Activity: When you transcribe the lines below, keep every word the same and leave the pictures behind.

Data section:
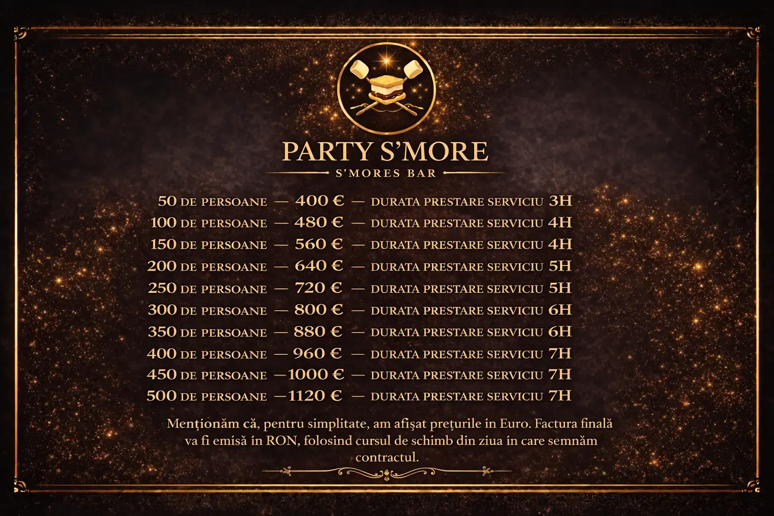 Suntem Andreea și Ștefan, fondatorii Party S’More. Am transformat desertul clasic s’mores într-o experiență interactivă pentru petreceri și evenimente, printr-un S’Mores Bar unde invitații își pregătesc propriul desert într-un mod distractiv și memorabil.Party S’More este mai mult decât un candy bar – este o experiență care aduce oamenii împreună, încurajează socializarea și creează momente autentice. Motto-ul nostru este „Povestim la un altfel de fum” – fumul dulce al marshmallow-ului rumenit, în jurul căruia oamenii se adună și creează amintiri frumoase.
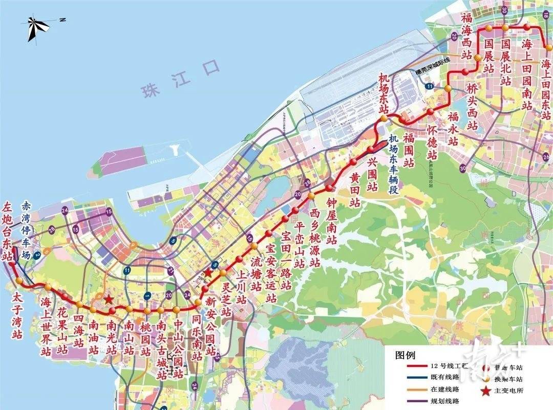 地铁12号线是深圳在建以及投入运营的轨道交通线路中站点最多、换乘最多、覆盖片区最广的全自动无人驾驶线路,是深圳市西部发展的“大动脉”。由南向北依次串联蛇口自贸区、南山中心区、前海自贸区、宝安中心区、西乡片区、机场片区、福永片区和大空港片区(新会展中心),线路全长约40.6km,全线采用地下敷设方式,12号线全线共设置33座车站,其中有18座是换乘车站。
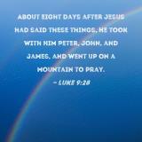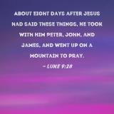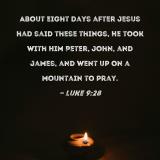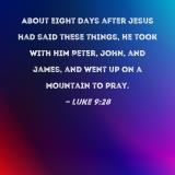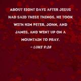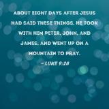 About eight days after Jesus had said these things, He took with Him Peter, John, and James, and went up on a mountain to pray.
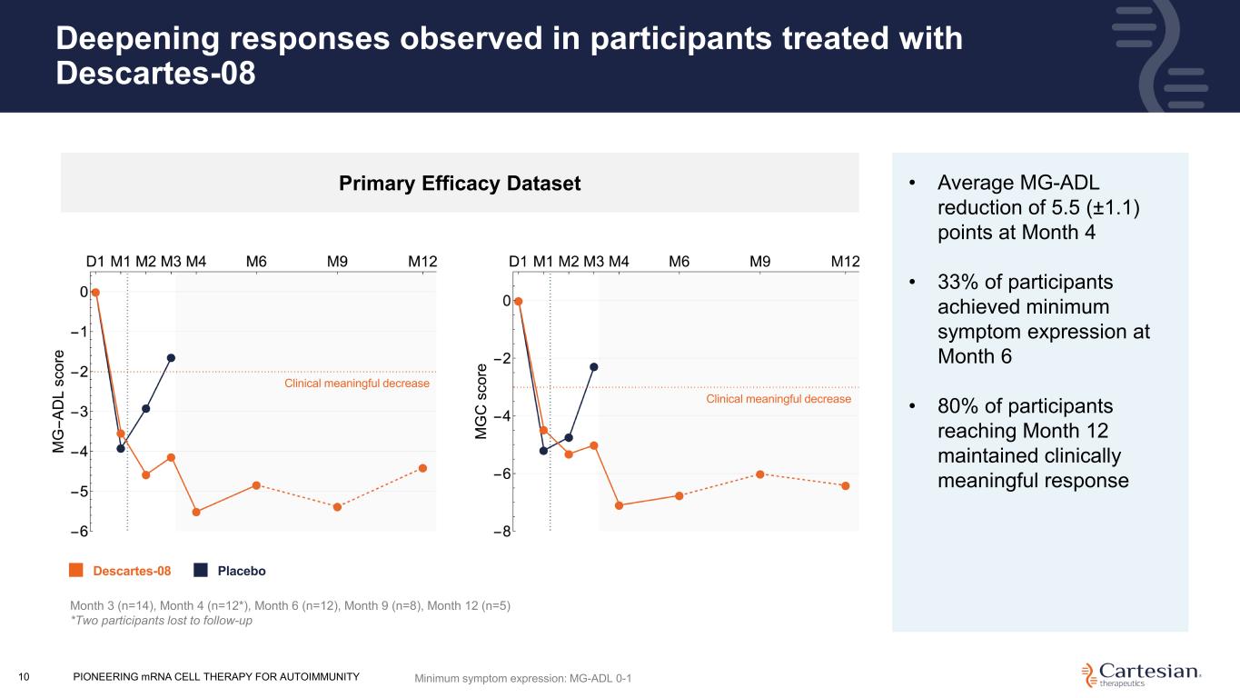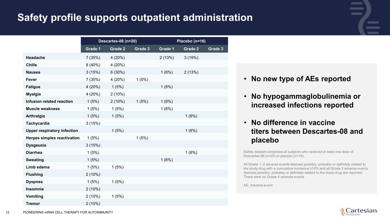 Deepest responses observed in participants with no prior exposure to complement or FcRn inhibitors PIONEERING mRNA CELL THERAPY FOR AUTOIMMUNITY11 • Average MG-ADL reduction of 6.6 (±1.5) points at Month 4 • 57% of participants achieved minimum symptom expression at Month 6 • 100% of participants reaching Month 12 maintained clinically meaningful response Primary Efficacy Dataset (No Prior Biologics) Month 3 (n=9), Month 4 (n=7*), Month 6 (n=7), Month 9 (n=4), Month 12 (n=2) *Two participants lost to follow-up Descartes-08 Clinical meaningful decrease Clinical meaningful decrease

Your response:
 Suntem Andreea și Ștefan, fondatorii Party S’More. Am transformat desertul clasic s’mores într-o experiență interactivă pentru petreceri și evenimente, printr-un S’Mores Bar unde invitații își pregătesc propriul desert într-un mod distractiv și memorabil.Party S’More este mai mult decât un candy bar – este o experiență care aduce oamenii împreună, încurajează socializarea și creează momente autentice. Motto-ul nostru este „Povestim la un altfel de fum” – fumul dulce al marshmallow-ului rumenit, în jurul căruia oamenii se adună și creează amintiri frumoase.
 地铁12号线是深圳在建以及投入运营的轨道交通线路中站点最多、换乘最多、覆盖片区最广的全自动无人驾驶线路,是深圳市西部发展的“大动脉”。由南向北依次串联蛇口自贸区、南山中心区、前海自贸区、宝安中心区、西乡片区、机场片区、福永片区和大空港片区(新会展中心),线路全长约40.6km,全线采用地下敷设方式,12号线全线共设置33座车站,其中有18座是换乘车站。
 About eight days after Jesus had said these things, He took with Him Peter, John, and James, and went up on a mountain to pray.
 Deepest responses observed in participants with no prior exposure to complement or FcRn inhibitors PIONEERING mRNA CELL THERAPY FOR AUTOIMMUNITY11 • Average MG-ADL reduction of 6.6 (±1.5) points at Month 4 • 57% of participants achieved minimum symptom expression at Month 6 • 100% of participants reaching Month 12 maintained clinically meaningful response Primary Efficacy Dataset (No Prior Biologics) Month 3 (n=9), Month 4 (n=7*), Month 6 (n=7), Month 9 (n=4), Month 12 (n=2) *Two participants lost to follow-up Descartes-08 Clinical meaningful decrease Clinical meaningful decrease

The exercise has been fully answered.